2012-05-29 Thread Mauricio Salatino
I'm in no way saying this:
  Let me see if I'm getting this right, What you mean is that there is no
way for the JPA persistence of Drools  JBPM to coexist in the same
knowledge session because of race conditions between them competing for
their shared resources? I'm afraid so.. :(

They can coexist. As you can see they are working together. If you take a
look at the underlying layers you will see that each operation that you run
against the session is wrapped in a transaction. That leads to your
architecture, If you have a single entry point for your session everything
will work correctly.
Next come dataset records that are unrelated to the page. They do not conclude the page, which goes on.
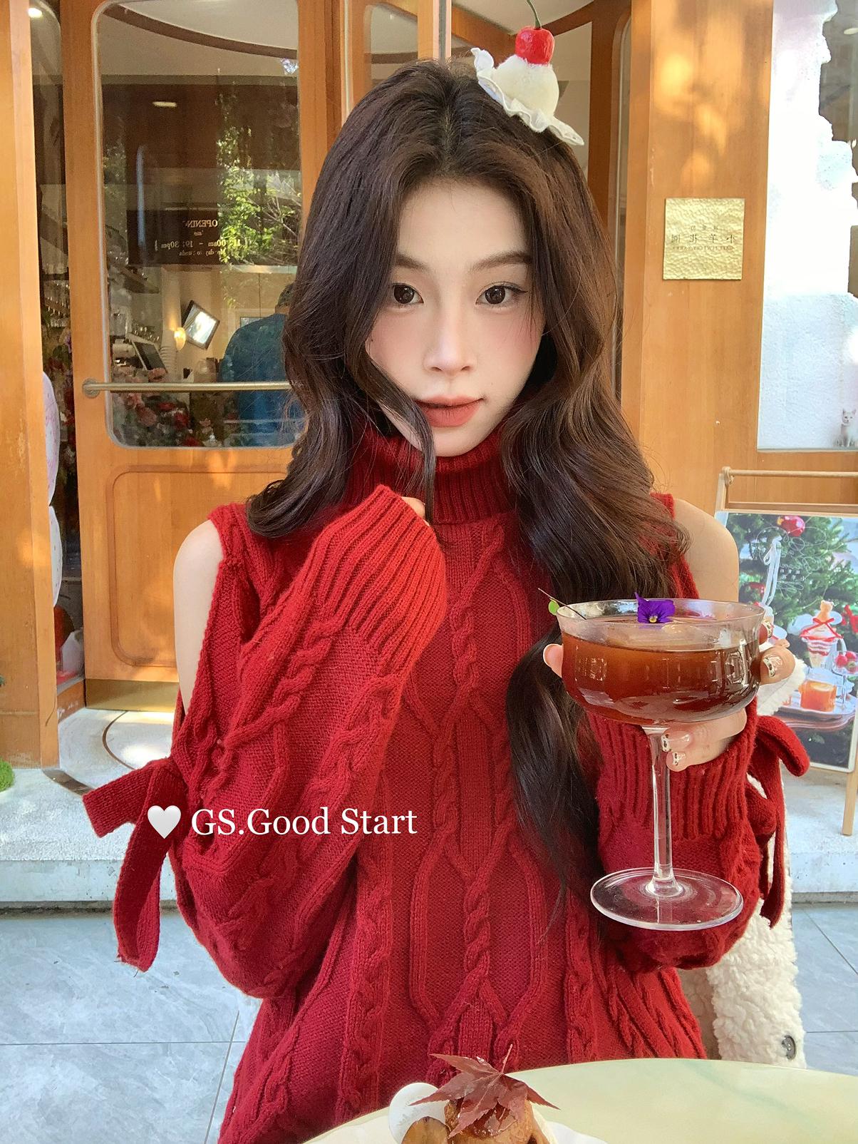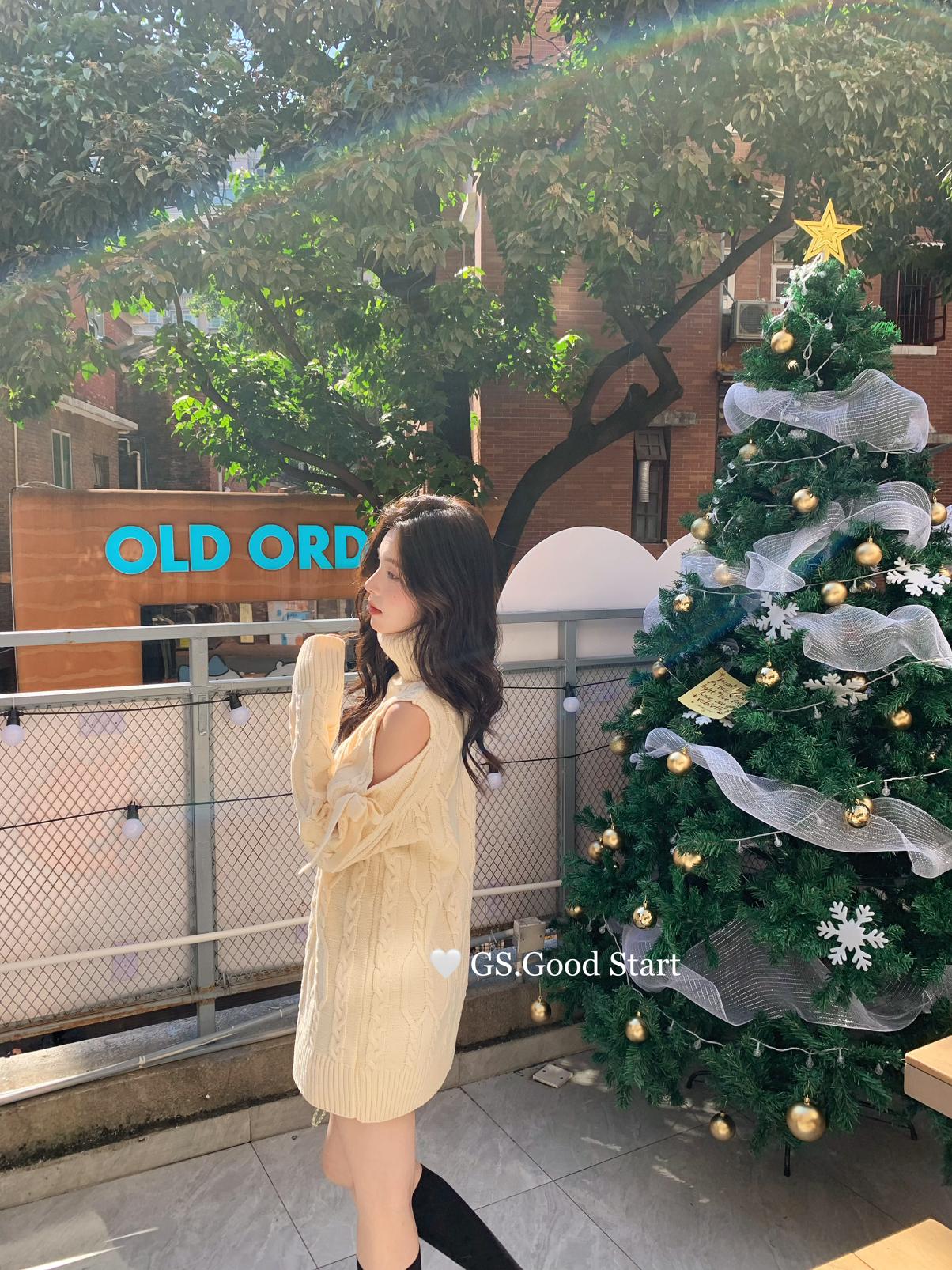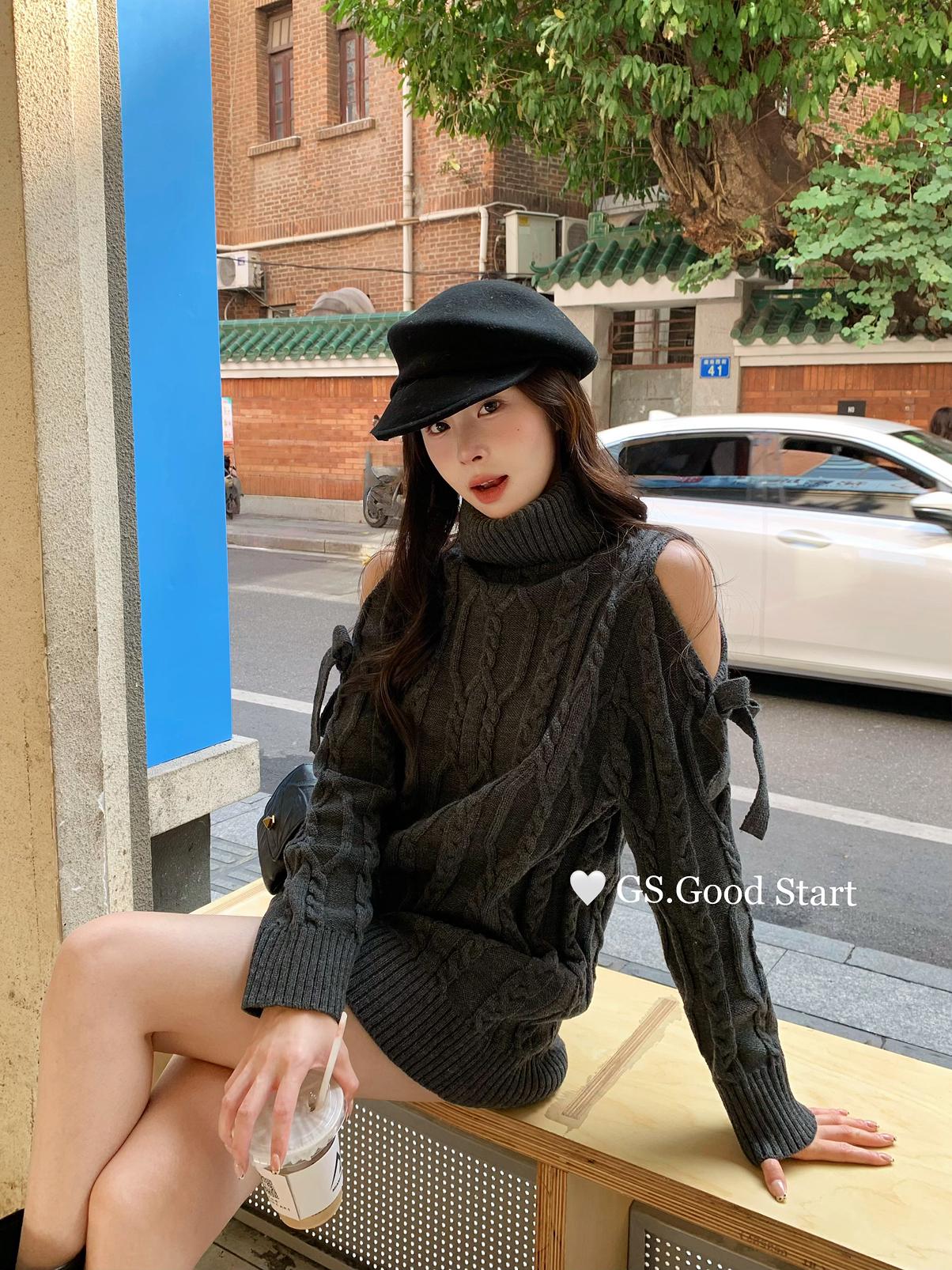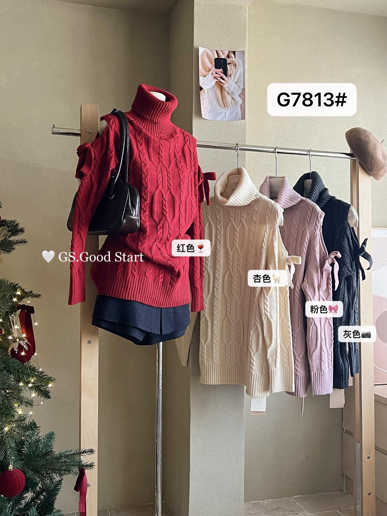 【C8291】節日戰裙*重磅主推!檔口開單不停!冬氣質純欲蝴蝶結露肩設計感保暖毛衣
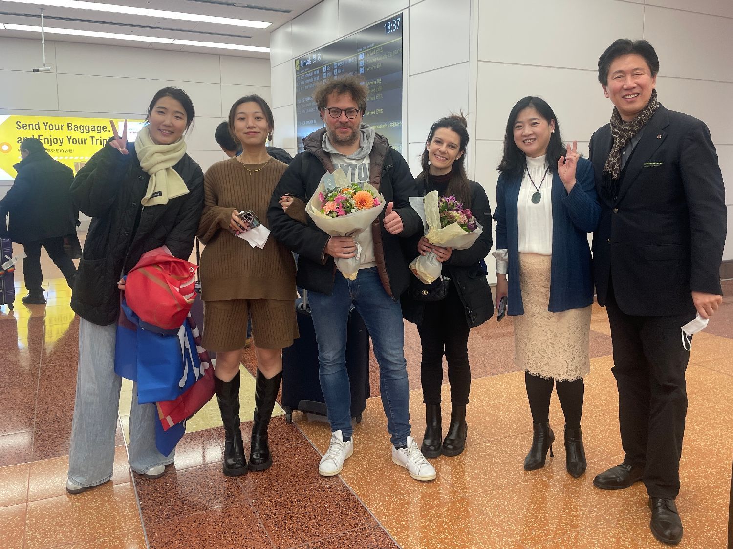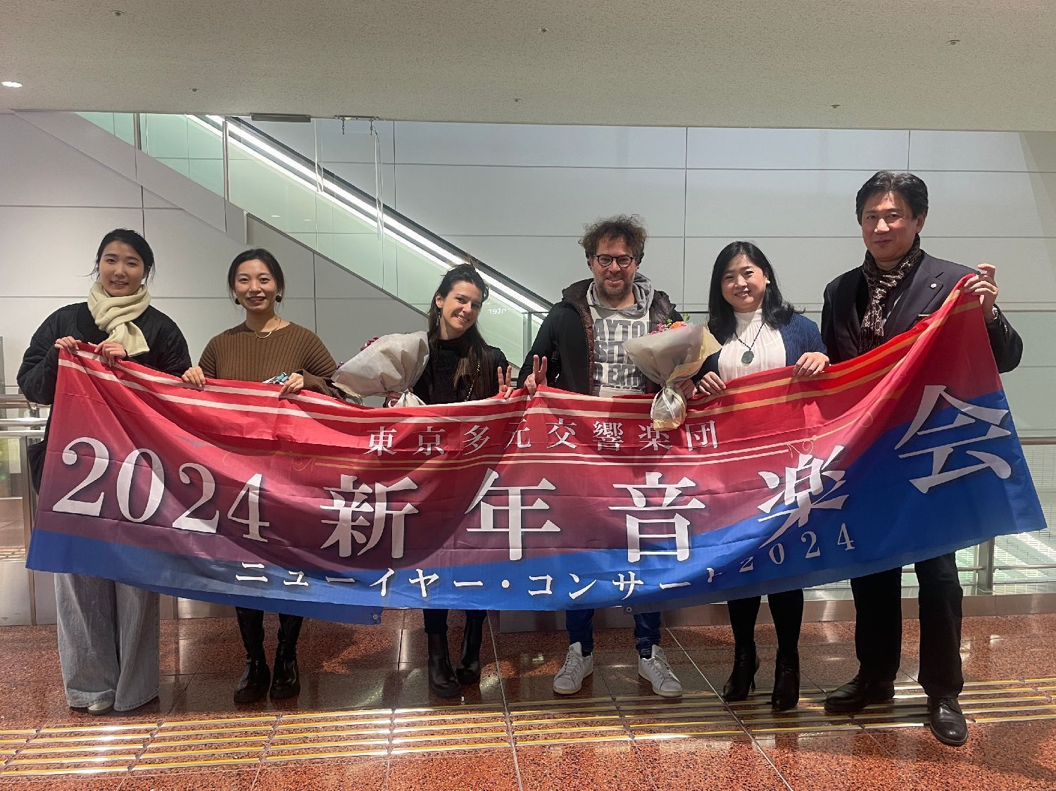 当天下午6点左右,交响乐团的负责人和工作人员早早守候在羽田机场的国际到达出口。两位艺术家一出现,他们就送上鲜花,并热情地与艺术家们问候、拥抱。乐团的工作人员们还拿出了准备好的欢迎横幅,大家一起合影留念。
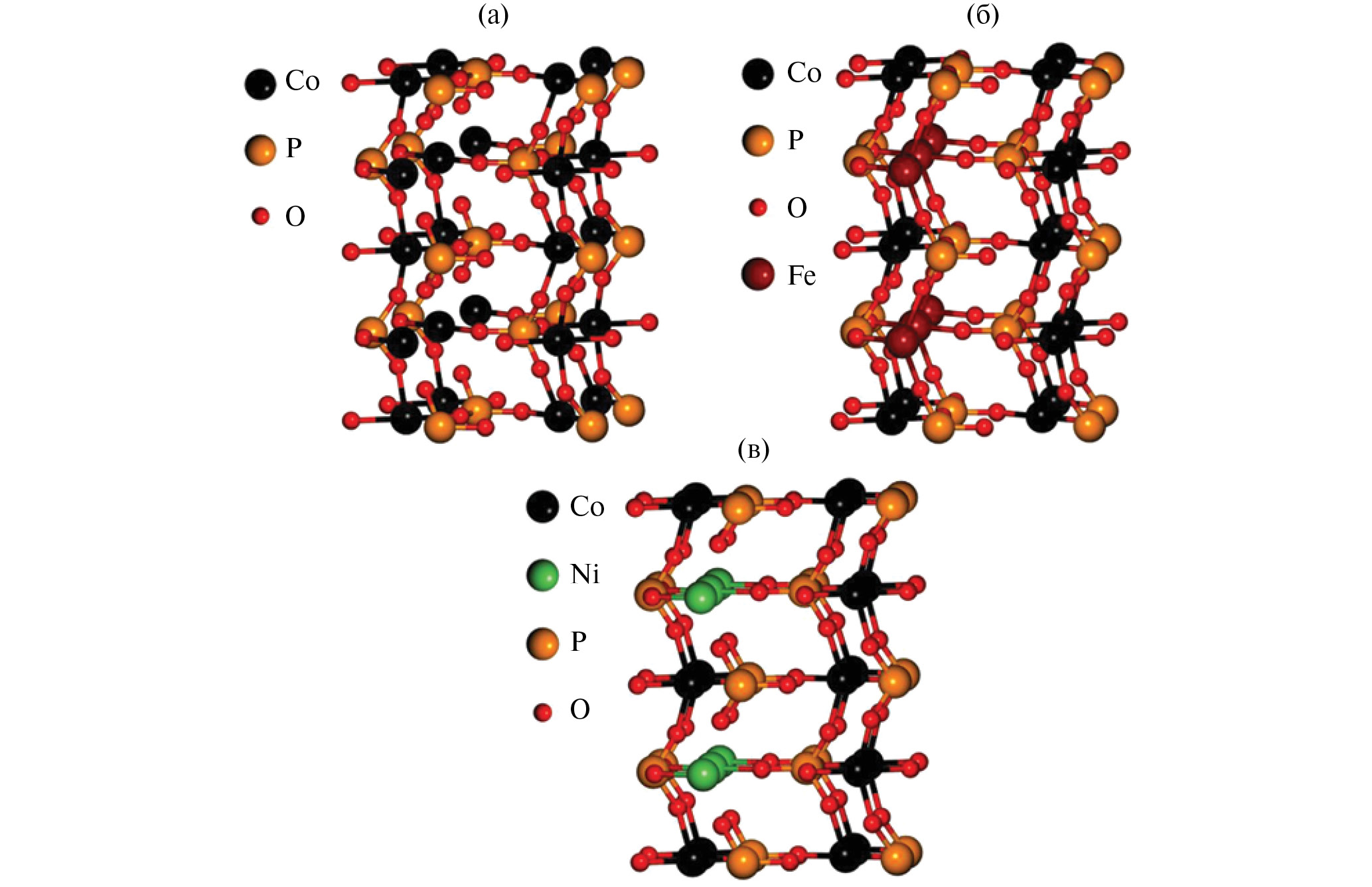 В настоящей работе были рассмотрены различные структуры фосфатов кобальта, включая моноклинную и орторомбические симметрии кристаллов. Все исследованные структуры взяты из базы данных The Materials Project [25]. Хотя на веб-сайте Materials project орторомбические структуры CoPO4 с симметрией Рna21 и Pnma обозначены как экспериментально не обнаруженные, тем не менее в работах [22, 26] были исследованы структуры CoPO4 c симметрией Рna21 и Pnma, легированные атомами лития. На рис. 1а–1в показана геометрия как чистого кобальт фосфата, так и Fe- или Ni-легированного кобальт фосфата. Кристаллическая структура CoPO4 описывается элементарной ячейкой, принадлежащей орторомбической симметрии Рna2₁ и содержит 24 базисных атома. Постоянные решетки для исследованных систем приведены в табл. 1. Атомы Co в структуре CoPO4 шестикратно координированы атомами O, причем таким образом, что имеются три ближайших атома O на расстоянии 1.85 Å и три следующих за ближайшими атомами O на расстоянии 1.98 Å, при этом атомы P имеют тетраэдрическую координацию. Моделирование легированного CoPO4 производили путем замещения одного из атомов кобальта атомами никеля и железа суперячейки типа 2 × 1 × 1, состоящей из 48 атомов, полученной двукратной трансляцией элементарной ячейки CoPO4 вдоль x-вектора трансляции. В расчетах использовали кристаллические структуры Co8(PO4)8, Co7Fe(PO4)8, и Co7Ni(PO4)8, которые соответствуют ⁓5%-ному допированию чистого Co8(PO4)8 атомами железа и никеля (рис. 1).

You can achieve this by receiving all the operations
in a queue and then execute one after the other.
If you have multiple threads interacting with the session, you can
implement a retrying mechanism if the transaction gets rolled back and as
soon as the transaction win the right to commit it will work. It really
depends on the problem that you are trying to solve.

Cheers

On Tue, May 29, 2012 at 10:42 AM, Alberto R. Galdo arga...@gmail.comwrote:

Thanks Mauricio for your kind response, and kick, as usual ;-)

Sure, we see lots of rolled back transactions ... Everywhere!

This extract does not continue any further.